*Problem to work on*
Print, word for word, the line containing "Sample yarns: Red" and all lines beneath it to the end of the entries below. Pictures do not belong in the copy.

Top of Source material

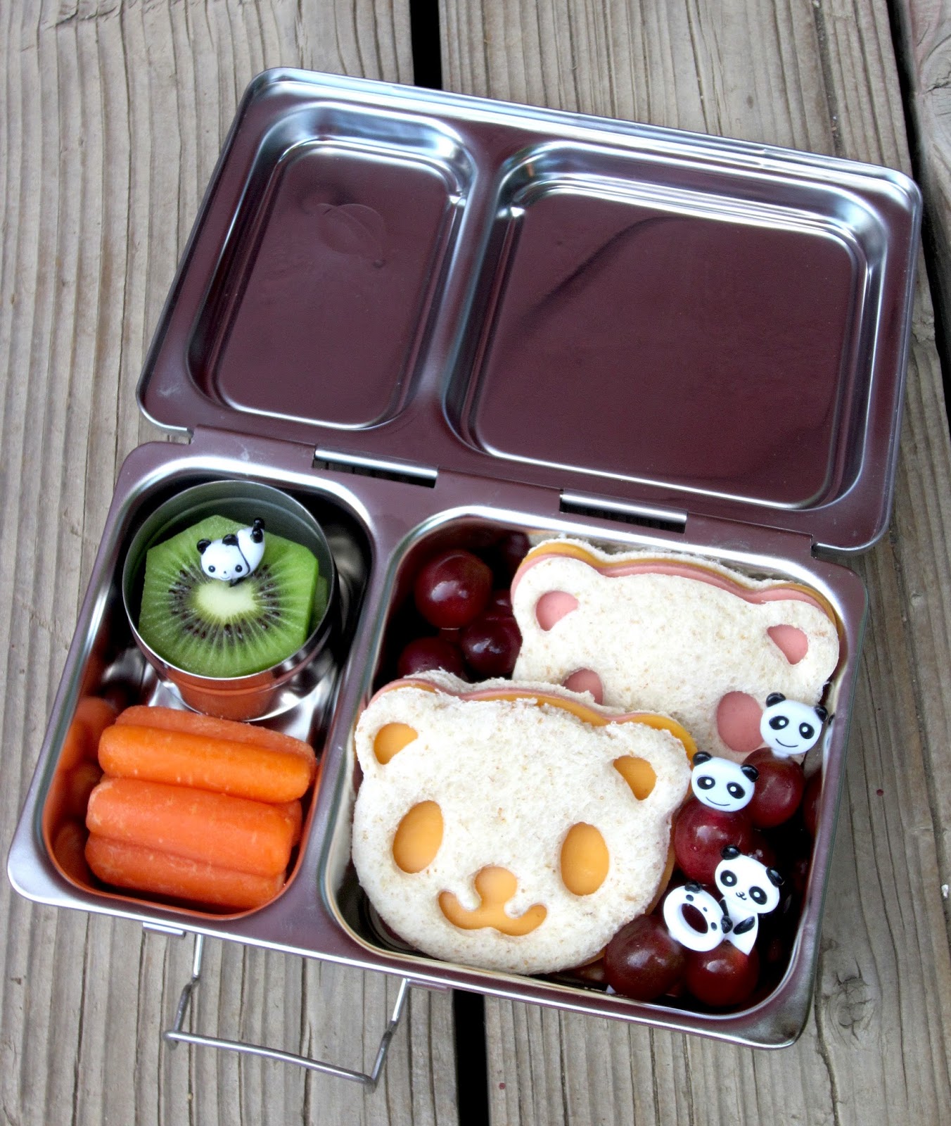As shown, we managed two panda sandwiches, cut with our CutezCute cutter, which filled most of the main compartment. The smaller side holds carrot sticks and a kiwi in the tall Dipper to prevent leaks, then the empty spaces have grapes. This one ended up being Faith's lunch and was plenty of food for her.
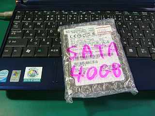 暫く欠乏していた_中容量の_SATA-HDDを買って来たので、先日買ったAspire one ZG5に取り付け、WinXpを組み込んで働かせて見ました。_2.5"SATA-40GB \880税込み_
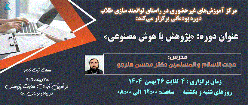 معاونت پژوهش مرکز آموزشهای غیرحضوری در راستای توانمند سازی طلاب در استفاده از روشها و ابزارهای جدید پژوهشی و تاثیر آن در تسریع و تسهیل نوشتن پایان نامهها، در نظر دارد دوره پودمانی با عنوان "پژوهش با هوش مصنوعی" را بهصورت برخط برگزار نماید.
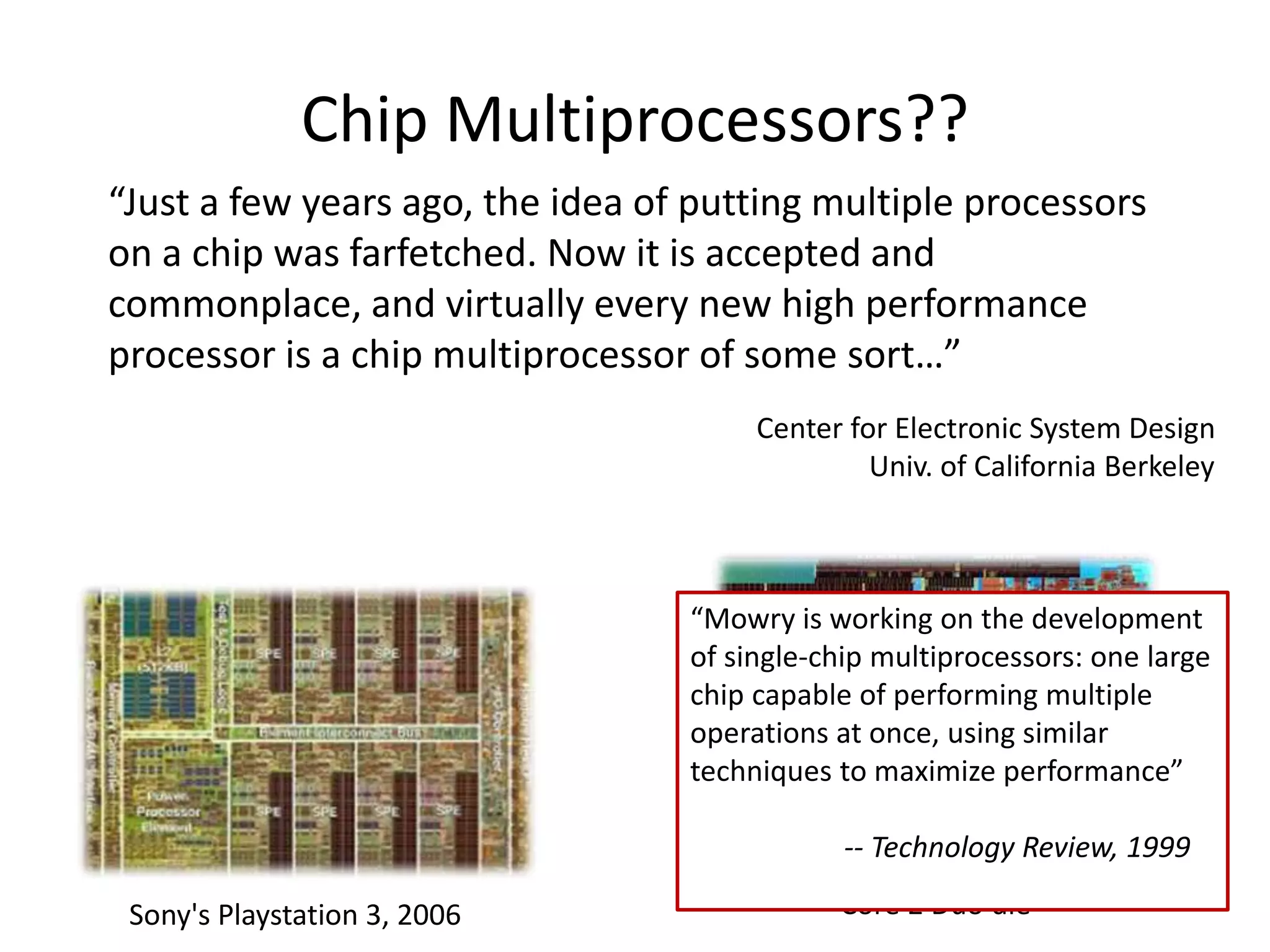 Chip multiprocessors, which place multiple processors on a single chip, have become common in modern processors. There are different approaches to managing caches in chip multiprocessors, including private caches for each processor or shared caches. The optimal approach balances factors like interconnect traffic, duplication of data, load balancing, and cache hit rates.
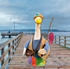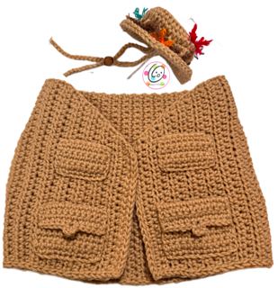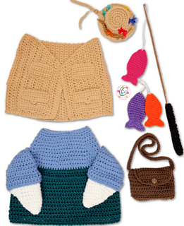 Sample yarns: Red Heart With Love Bluebell (shirt), Red Heart Super Saver - Teal (pants), Buff (vest and hat); Mainstays Brown (bag); Misc yarns for fish and ties on hat.
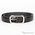 Черный кожаный ремень с металлической пряжкой серебристого цвета. Фактура ремня имитирует кожу рептилии.
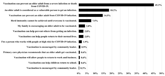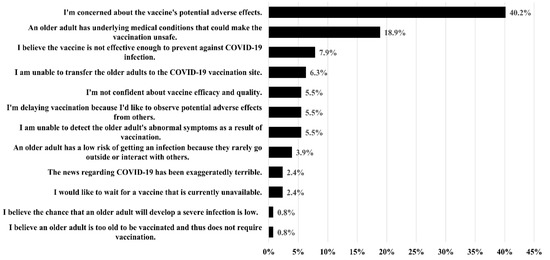 As shown in Table 5, 39.9% of the caregivers were hesitant to authorize COVID-19 vaccination of the older adults under their care, and 13.5% refused to authorize vaccination. In total, 96.2% of the caregivers intended to be vaccinated against COVID-19 themselves, while 76.7% had already been vaccinated. The most common reasons for COVID-19 vaccine hesitancy among the caregivers were concerns regarding adverse effects (40.2%), possible complications caused by an underlying disease (18.9%), and the belief that the vaccines are not effective for preventing COVID-19 infection (7.9%) (Figure 2). The most common reasons for supporting vaccination of older adults were as follows: COVID-19 vaccines can prevent severe infection and death (45.3%); dependent older adults are a vulnerable group (18.2%); and COVID-19 vaccines can prevent COVID-19 infection in older adults (14.5%) (Figure 3). Compared with caregivers exhibiting vaccine acceptance, those who refused to authorize COVID-19 vaccination of the dependent older adults under their care were more likely to show vaccine hesitancy (OR = 3.779; 95% CI: 1.652–8.648, p = 0.002). Caregivers who stated that the manufacturer of the COVID-19 did not influence their decision to authorize vaccination were less likely to exhibit vaccine hesitancy (OR = 0.267; 95% CI: 0.152–0.471, p < 0.001).
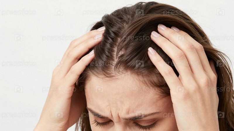 Женщина держит голову обеими руками, показывая беспокойство по поводу своих волос.Она выглядит обеспокоенной, когда смотрит вниз, что указывает на значительную проблему с волосами во внутреннем пространстве Generative AI

Bottom of Source material

*Solution for this problem*
 Sample yarns: Red Heart With Love Bluebell (shirt), Red Heart Super Saver - Teal (pants), Buff (vest and hat); Mainstays Brown (bag); Misc yarns for fish and ties on hat.
 Черный кожаный ремень с металлической пряжкой серебристого цвета. Фактура ремня имитирует кожу рептилии.
 As shown in Table 5, 39.9% of the caregivers were hesitant to authorize COVID-19 vaccination of the older adults under their care, and 13.5% refused to authorize vaccination. In total, 96.2% of the caregivers intended to be vaccinated against COVID-19 themselves, while 76.7% had already been vaccinated. The most common reasons for COVID-19 vaccine hesitancy among the caregivers were concerns regarding adverse effects (40.2%), possible complications caused by an underlying disease (18.9%), and the belief that the vaccines are not effective for preventing COVID-19 infection (7.9%) (Figure 2). The most common reasons for supporting vaccination of older adults were as follows: COVID-19 vaccines can prevent severe infection and death (45.3%); dependent older adults are a vulnerable group (18.2%); and COVID-19 vaccines can prevent COVID-19 infection in older adults (14.5%) (Figure 3). Compared with caregivers exhibiting vaccine acceptance, those who refused to authorize COVID-19 vaccination of the dependent older adults under their care were more likely to show vaccine hesitancy (OR = 3.779; 95% CI: 1.652–8.648, p = 0.002). Caregivers who stated that the manufacturer of the COVID-19 did not influence their decision to authorize vaccination were less likely to exhibit vaccine hesitancy (OR = 0.267; 95% CI: 0.152–0.471, p < 0.001).
 Женщина держит голову обеими руками, показывая беспокойство по поводу своих волос.Она выглядит обеспокоенной, когда смотрит вниз, что указывает на значительную проблему с волосами во внутреннем пространстве Generative AI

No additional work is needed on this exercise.